▶ TASK GOAL
The lines below, from the first through the one containing "La riproduzione del", are to be given again exactly, with pictures left out and nothing added.

[Stored dataset items]
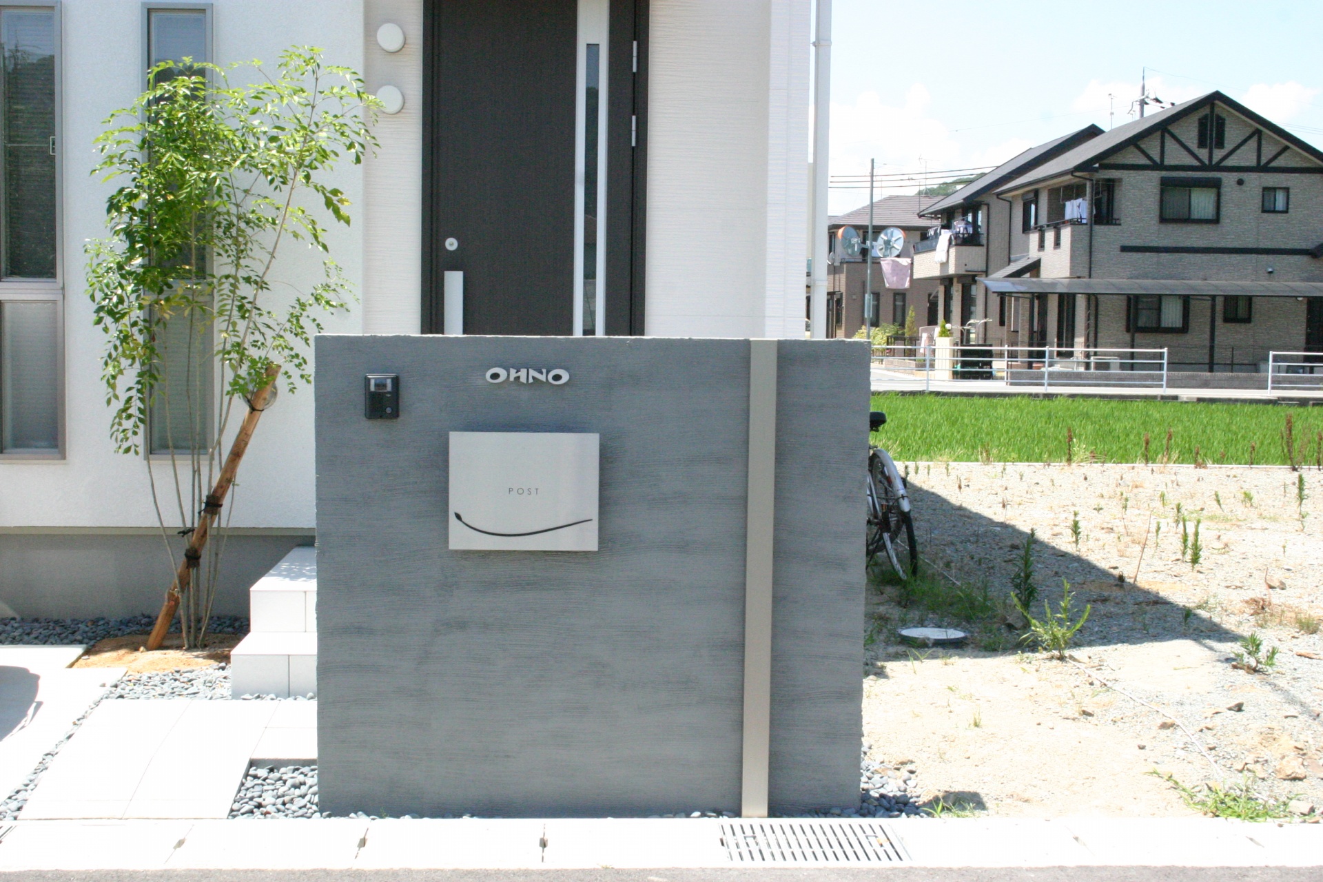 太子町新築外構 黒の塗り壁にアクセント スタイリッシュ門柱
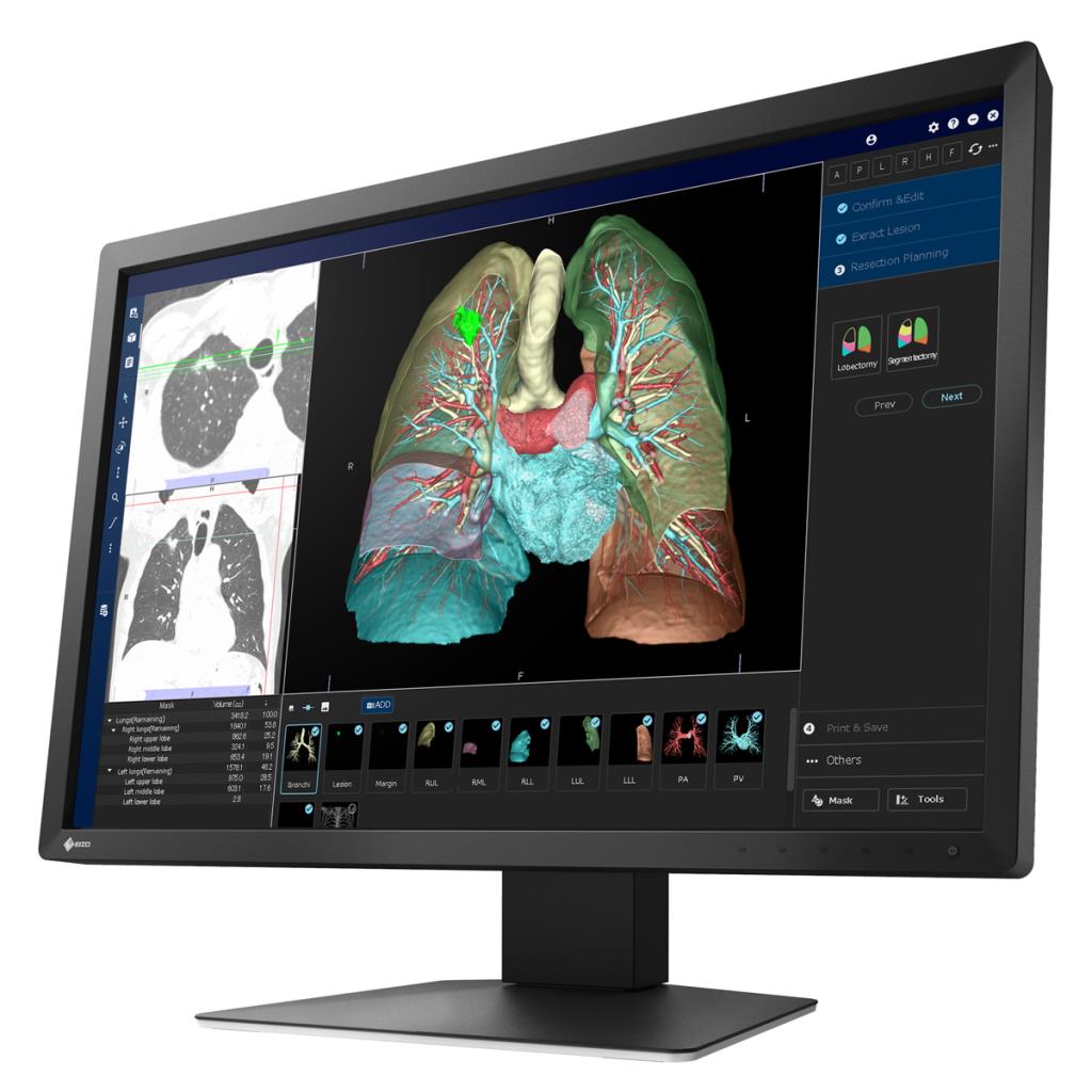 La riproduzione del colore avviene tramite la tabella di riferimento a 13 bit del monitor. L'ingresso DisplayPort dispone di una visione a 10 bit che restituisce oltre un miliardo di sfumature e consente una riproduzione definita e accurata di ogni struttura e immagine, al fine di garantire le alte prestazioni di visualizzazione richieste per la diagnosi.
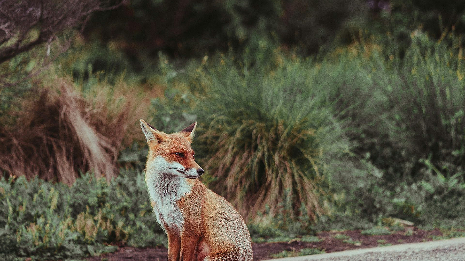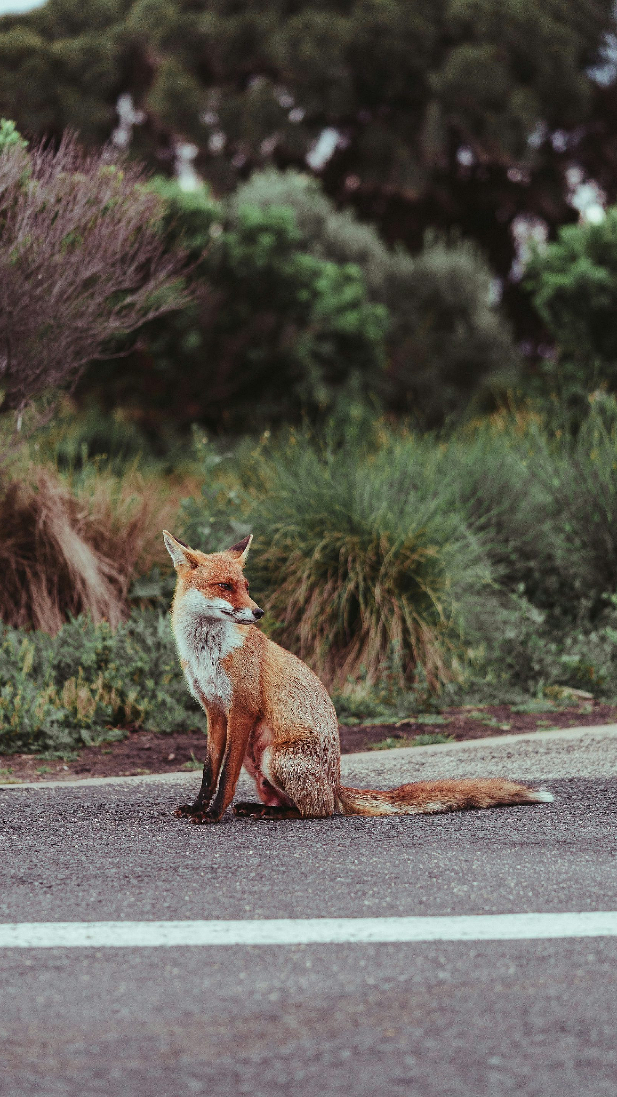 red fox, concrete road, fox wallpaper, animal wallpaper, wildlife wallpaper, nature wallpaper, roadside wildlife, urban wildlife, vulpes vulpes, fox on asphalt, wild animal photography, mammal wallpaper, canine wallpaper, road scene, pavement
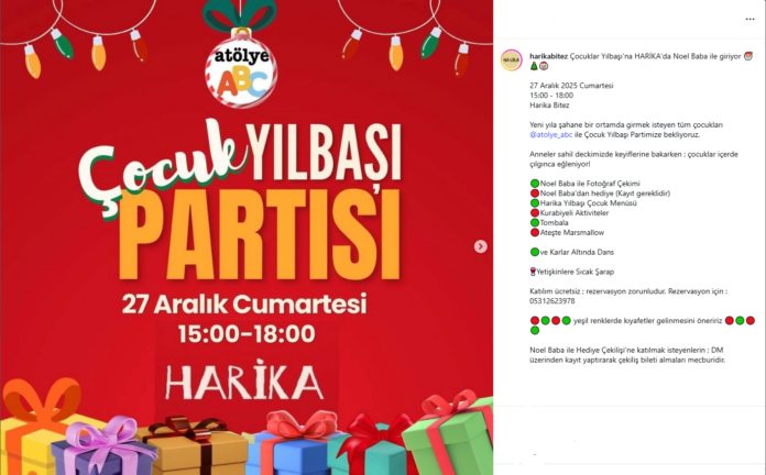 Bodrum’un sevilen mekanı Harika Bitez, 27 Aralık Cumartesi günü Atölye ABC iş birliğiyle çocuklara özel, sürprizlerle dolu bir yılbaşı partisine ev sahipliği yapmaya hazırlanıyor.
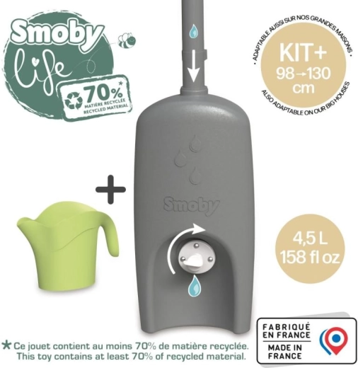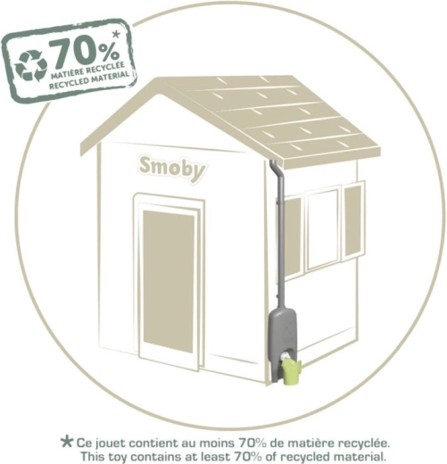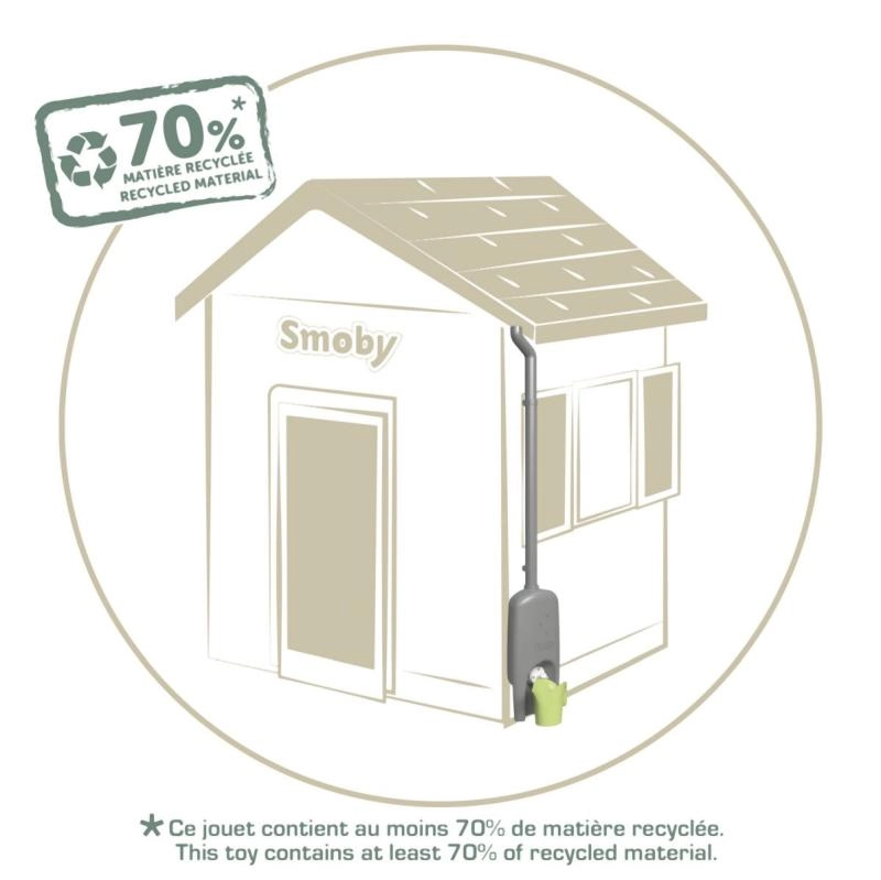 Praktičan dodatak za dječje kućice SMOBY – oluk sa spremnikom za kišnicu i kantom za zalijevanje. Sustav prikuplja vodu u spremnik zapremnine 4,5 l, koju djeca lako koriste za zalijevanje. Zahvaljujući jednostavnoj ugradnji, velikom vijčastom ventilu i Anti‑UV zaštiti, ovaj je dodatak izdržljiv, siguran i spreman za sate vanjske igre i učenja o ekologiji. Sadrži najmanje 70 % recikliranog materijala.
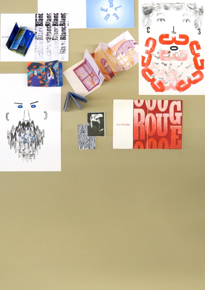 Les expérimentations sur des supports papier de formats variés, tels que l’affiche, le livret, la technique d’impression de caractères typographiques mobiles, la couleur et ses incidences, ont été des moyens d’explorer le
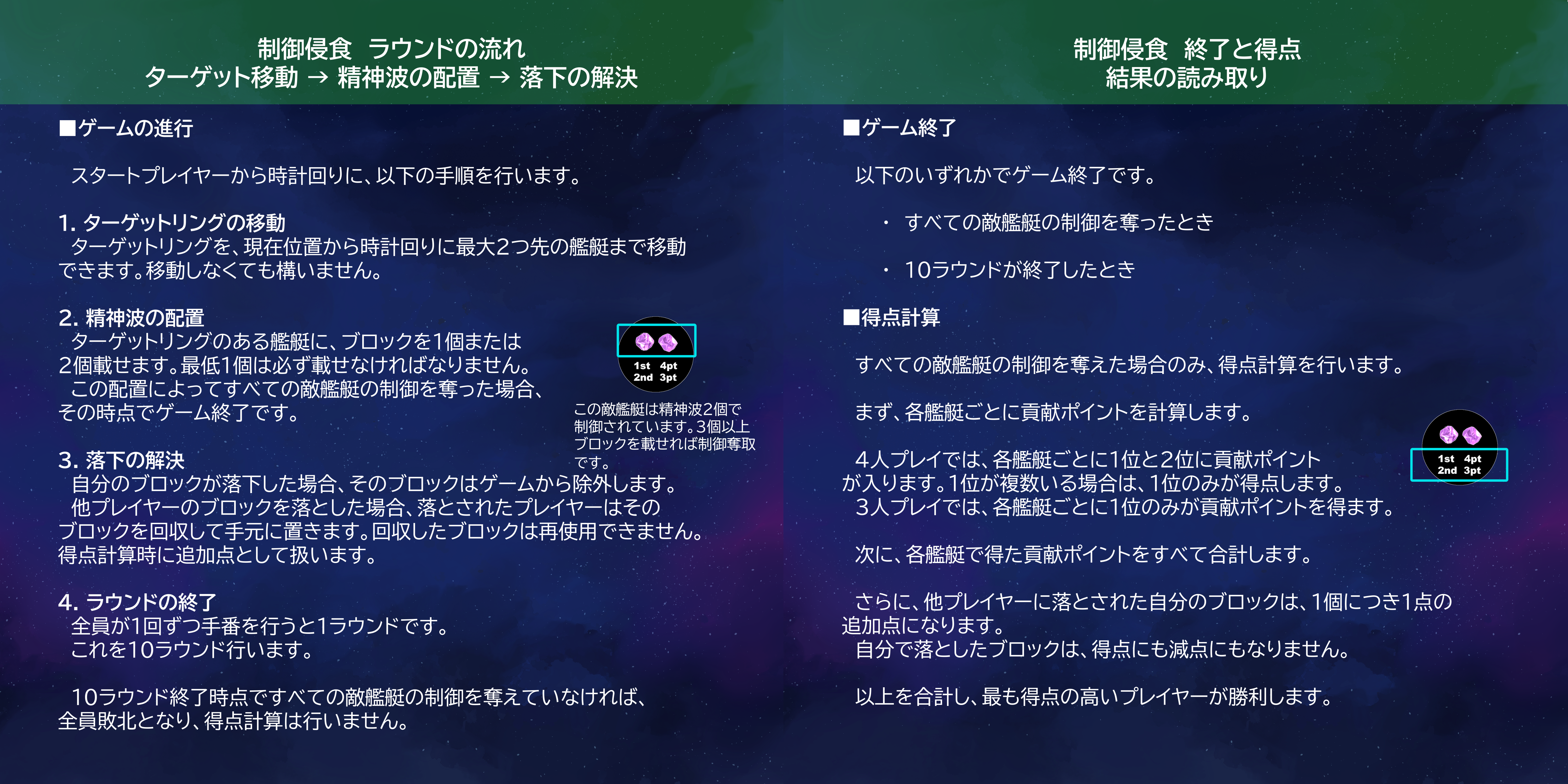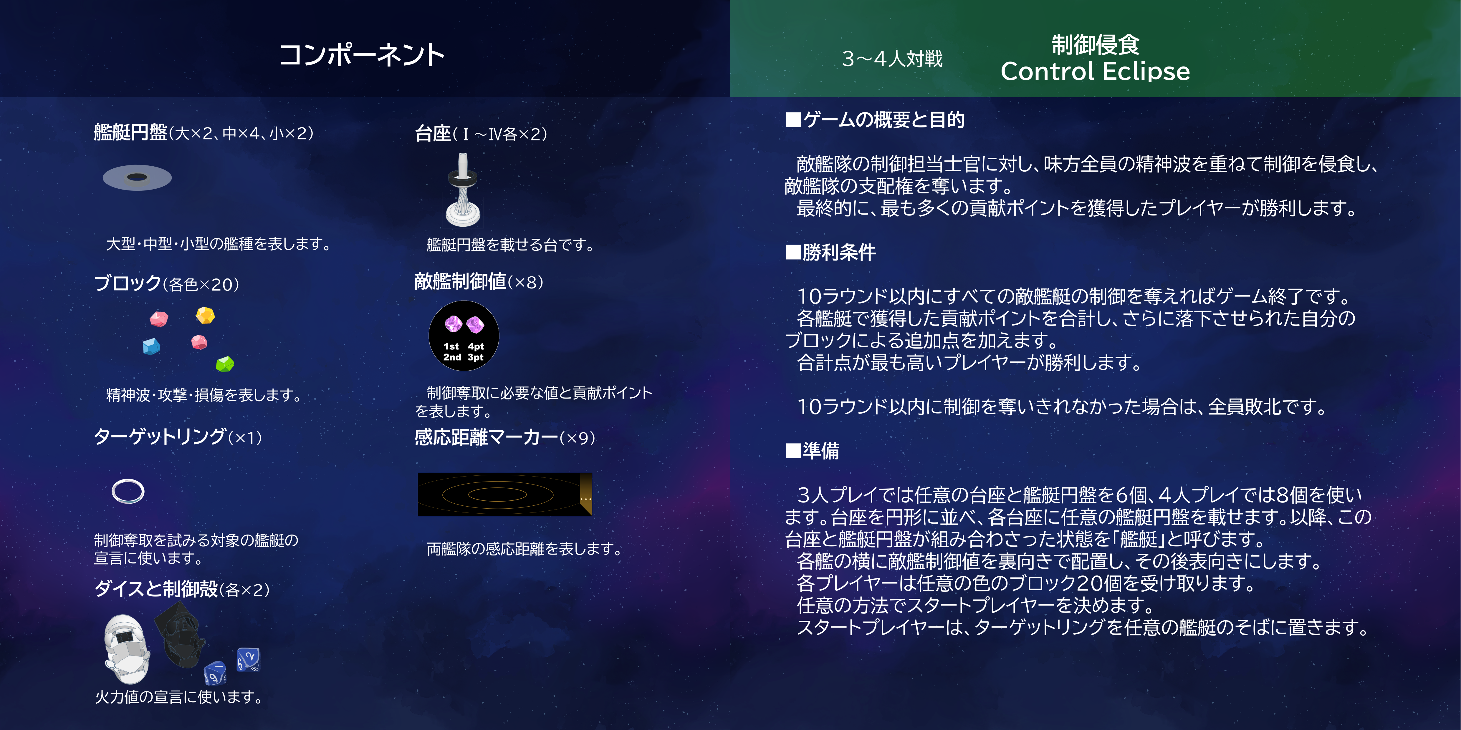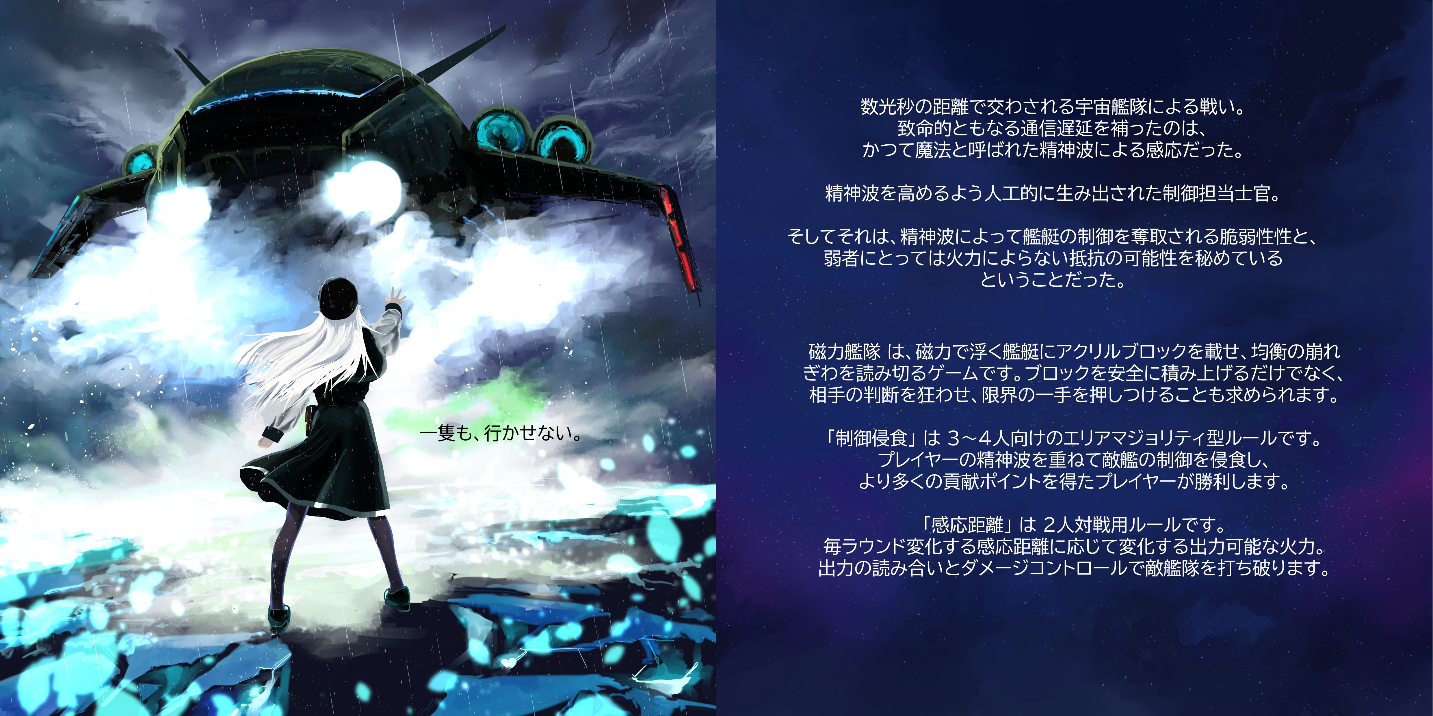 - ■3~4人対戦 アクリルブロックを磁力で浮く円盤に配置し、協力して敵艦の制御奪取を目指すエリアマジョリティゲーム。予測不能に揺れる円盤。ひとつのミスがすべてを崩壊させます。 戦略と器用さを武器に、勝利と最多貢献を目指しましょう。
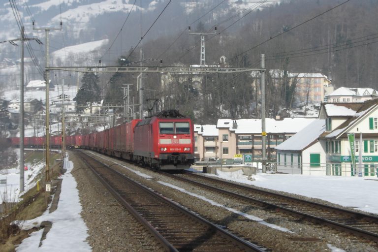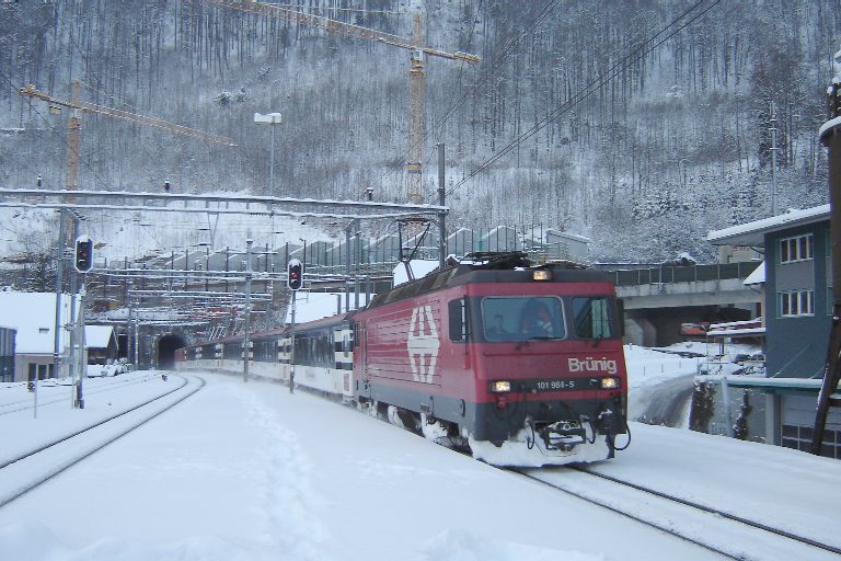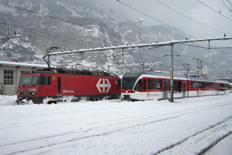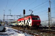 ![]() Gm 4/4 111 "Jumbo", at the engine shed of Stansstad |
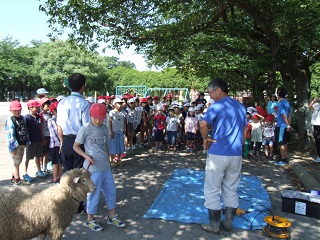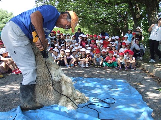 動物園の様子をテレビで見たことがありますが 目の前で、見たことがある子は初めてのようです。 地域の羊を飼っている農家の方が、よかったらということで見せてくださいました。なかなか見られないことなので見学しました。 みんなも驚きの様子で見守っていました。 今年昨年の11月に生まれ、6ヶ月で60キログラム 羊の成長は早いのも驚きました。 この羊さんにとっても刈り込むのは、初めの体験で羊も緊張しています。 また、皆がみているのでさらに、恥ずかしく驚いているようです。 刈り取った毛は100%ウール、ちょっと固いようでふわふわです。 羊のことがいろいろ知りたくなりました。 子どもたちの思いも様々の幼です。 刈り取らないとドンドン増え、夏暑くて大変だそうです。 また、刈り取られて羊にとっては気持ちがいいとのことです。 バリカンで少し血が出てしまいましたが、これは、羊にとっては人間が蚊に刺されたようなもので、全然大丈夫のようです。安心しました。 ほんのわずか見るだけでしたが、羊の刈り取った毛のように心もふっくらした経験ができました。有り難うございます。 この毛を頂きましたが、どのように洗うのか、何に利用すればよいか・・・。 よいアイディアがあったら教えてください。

▶ RESULT
 太子町新築外構 黒の塗り壁にアクセント スタイリッシュ門柱
 La riproduzione del colore avviene tramite la tabella di riferimento a 13 bit del monitor. L'ingresso DisplayPort dispone di una visione a 10 bit che restituisce oltre un miliardo di sfumature e consente una riproduzione definita e accurata di ogni struttura e immagine, al fine di garantire le alte prestazioni di visualizzazione richieste per la diagnosi.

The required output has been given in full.